## Problem to solve
All of the data should be reproduced word for word, though its pictures must be omitted.

[Records from a data source]
== Segment start ==

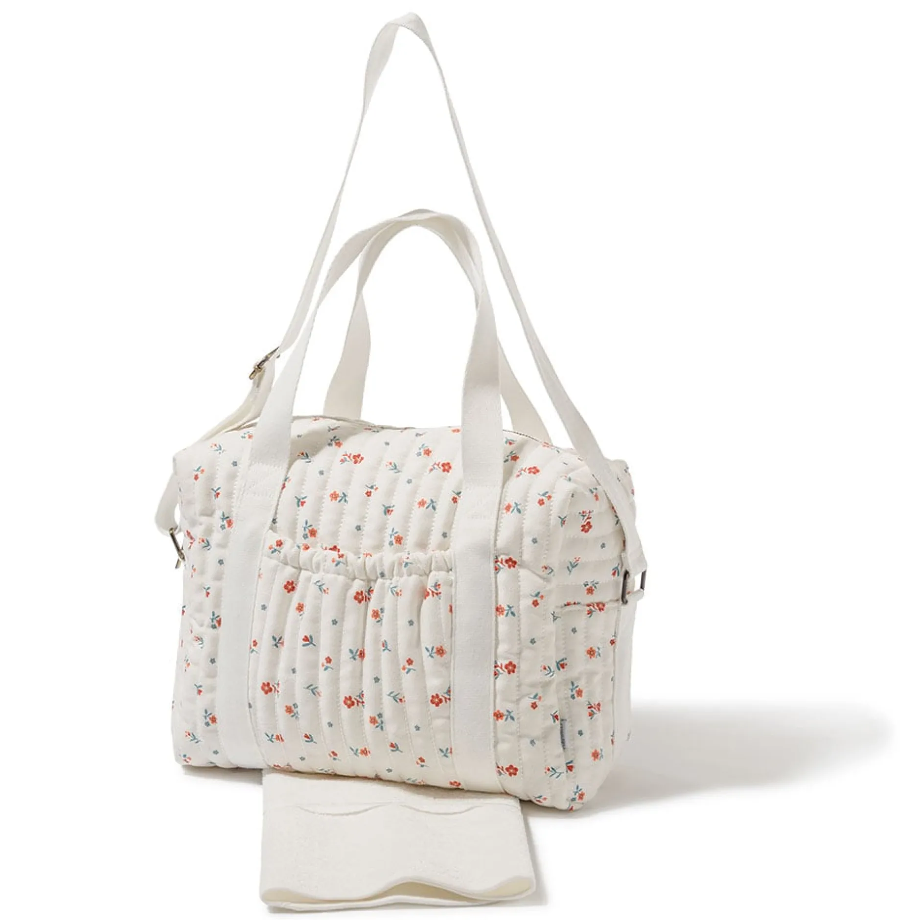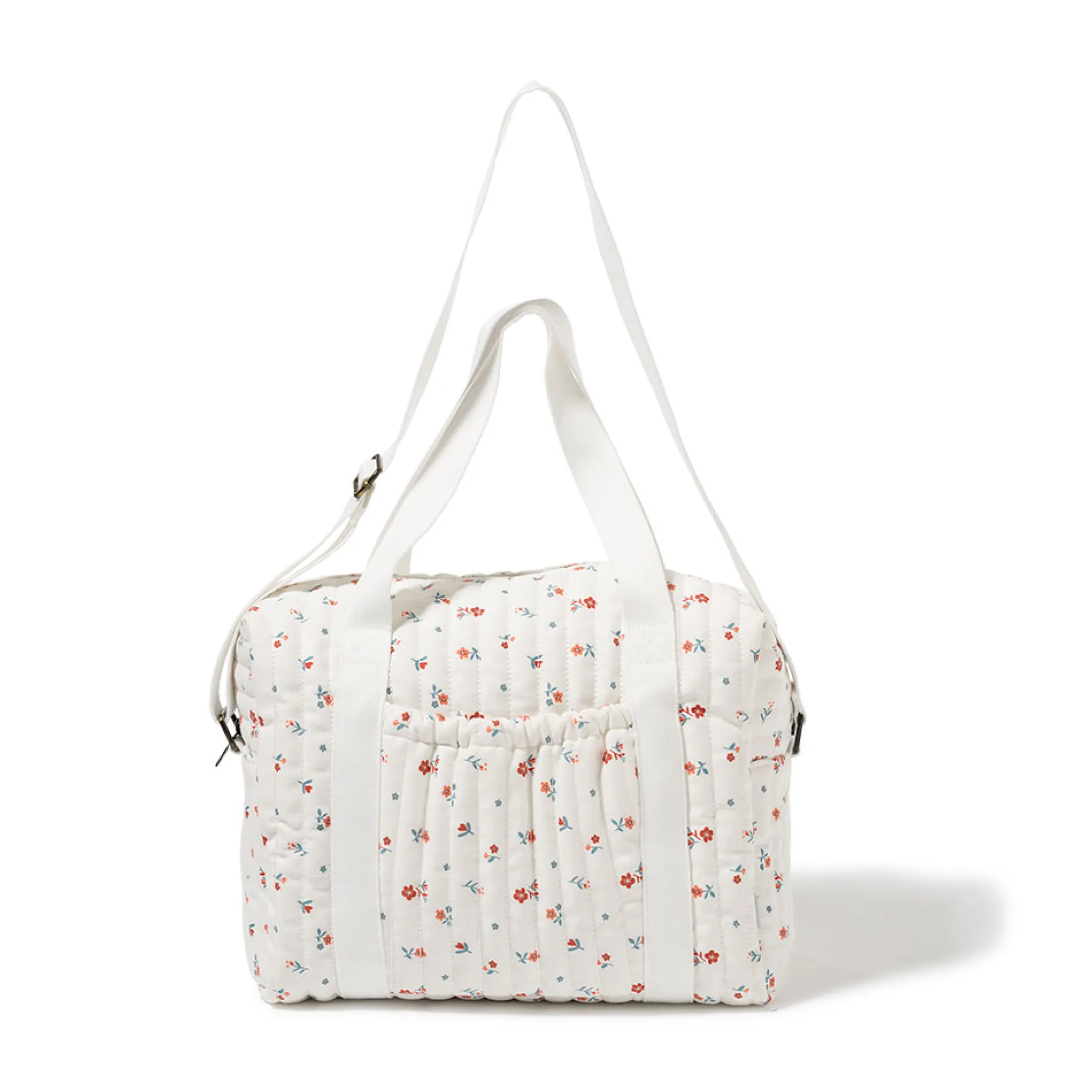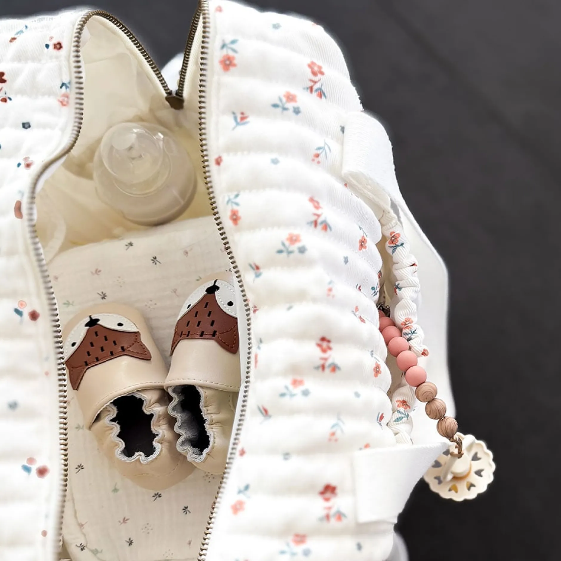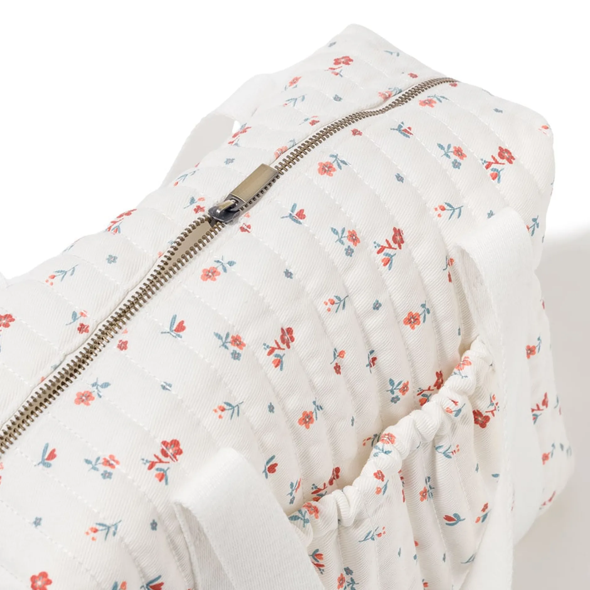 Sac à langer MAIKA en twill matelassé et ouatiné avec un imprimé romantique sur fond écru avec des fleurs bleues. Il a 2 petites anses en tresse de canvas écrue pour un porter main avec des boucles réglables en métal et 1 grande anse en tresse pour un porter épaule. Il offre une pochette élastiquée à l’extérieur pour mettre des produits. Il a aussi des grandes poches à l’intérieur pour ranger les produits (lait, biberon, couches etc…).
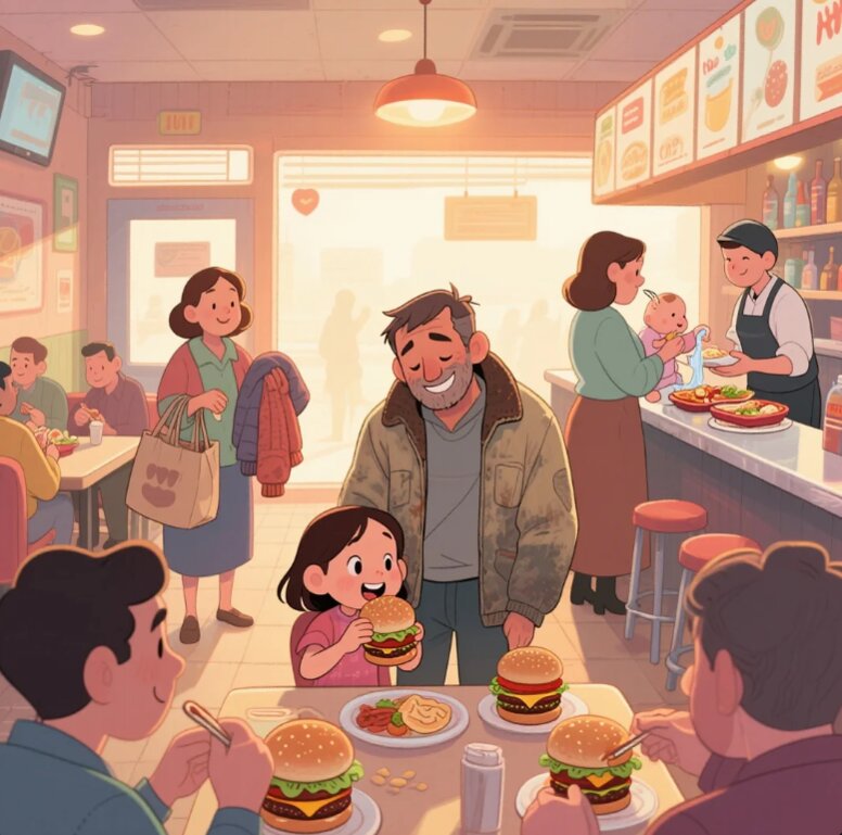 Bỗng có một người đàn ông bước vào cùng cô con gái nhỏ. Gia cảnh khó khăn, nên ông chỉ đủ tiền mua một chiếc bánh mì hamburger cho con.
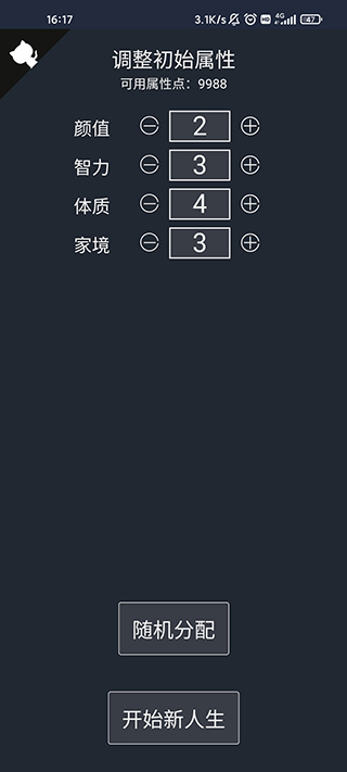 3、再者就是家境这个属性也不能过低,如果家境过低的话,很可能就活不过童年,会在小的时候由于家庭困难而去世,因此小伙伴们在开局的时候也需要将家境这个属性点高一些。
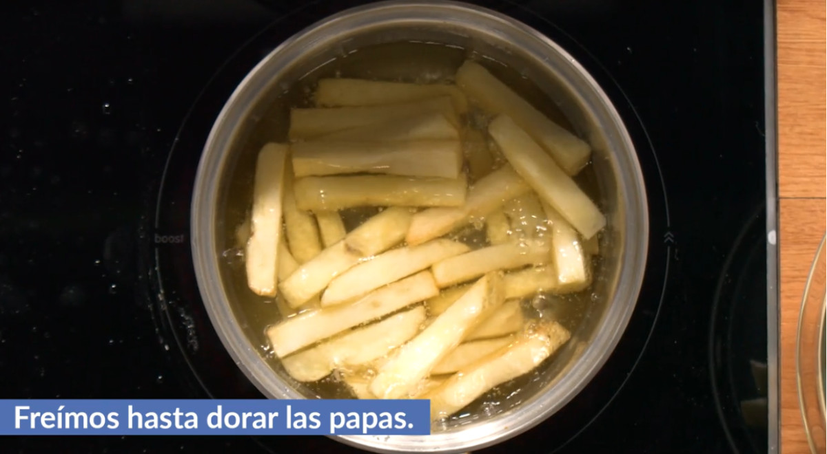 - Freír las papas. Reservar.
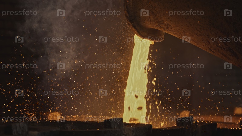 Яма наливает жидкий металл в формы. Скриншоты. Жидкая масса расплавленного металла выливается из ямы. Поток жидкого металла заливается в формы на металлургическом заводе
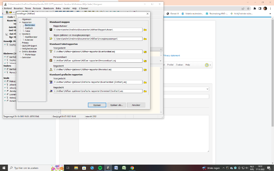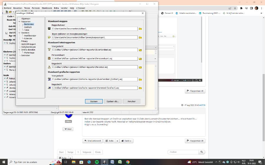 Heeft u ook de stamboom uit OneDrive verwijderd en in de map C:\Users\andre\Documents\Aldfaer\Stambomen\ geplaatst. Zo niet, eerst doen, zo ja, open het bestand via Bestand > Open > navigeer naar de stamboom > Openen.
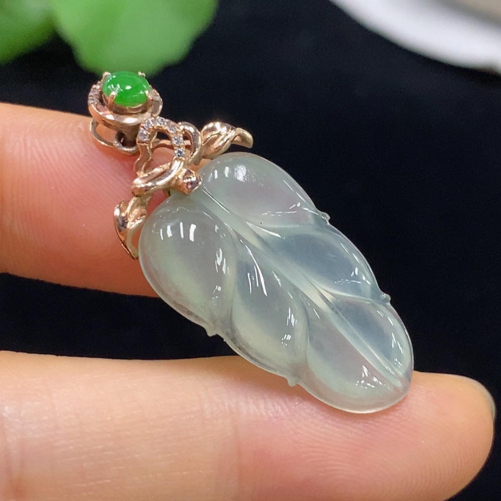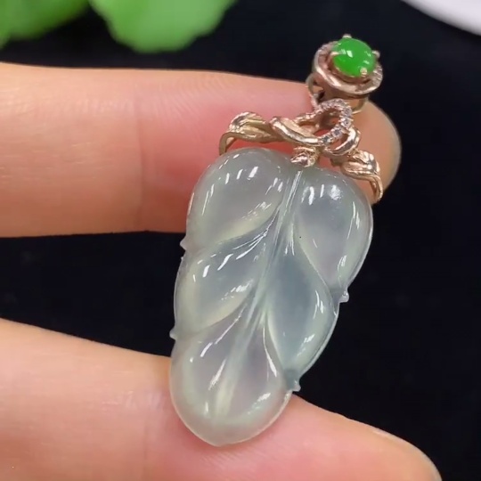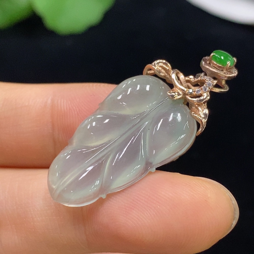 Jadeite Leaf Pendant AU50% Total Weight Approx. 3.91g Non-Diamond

== Segment end ==

## Exercise response
 Sac à langer MAIKA en twill matelassé et ouatiné avec un imprimé romantique sur fond écru avec des fleurs bleues. Il a 2 petites anses en tresse de canvas écrue pour un porter main avec des boucles réglables en métal et 1 grande anse en tresse pour un porter épaule. Il offre une pochette élastiquée à l’extérieur pour mettre des produits. Il a aussi des grandes poches à l’intérieur pour ranger les produits (lait, biberon, couches etc…).
 Bỗng có một người đàn ông bước vào cùng cô con gái nhỏ. Gia cảnh khó khăn, nên ông chỉ đủ tiền mua một chiếc bánh mì hamburger cho con.
 3、再者就是家境这个属性也不能过低,如果家境过低的话,很可能就活不过童年,会在小的时候由于家庭困难而去世,因此小伙伴们在开局的时候也需要将家境这个属性点高一些。
 - Freír las papas. Reservar.
 Яма наливает жидкий металл в формы. Скриншоты. Жидкая масса расплавленного металла выливается из ямы. Поток жидкого металла заливается в формы на металлургическом заводе
 Heeft u ook de stamboom uit OneDrive verwijderd en in de map C:\Users\andre\Documents\Aldfaer\Stambomen\ geplaatst. Zo niet, eerst doen, zo ja, open het bestand via Bestand > Open > navigeer naar de stamboom > Openen.
 Jadeite Leaf Pendant AU50% Total Weight Approx. 3.91g Non-Diamond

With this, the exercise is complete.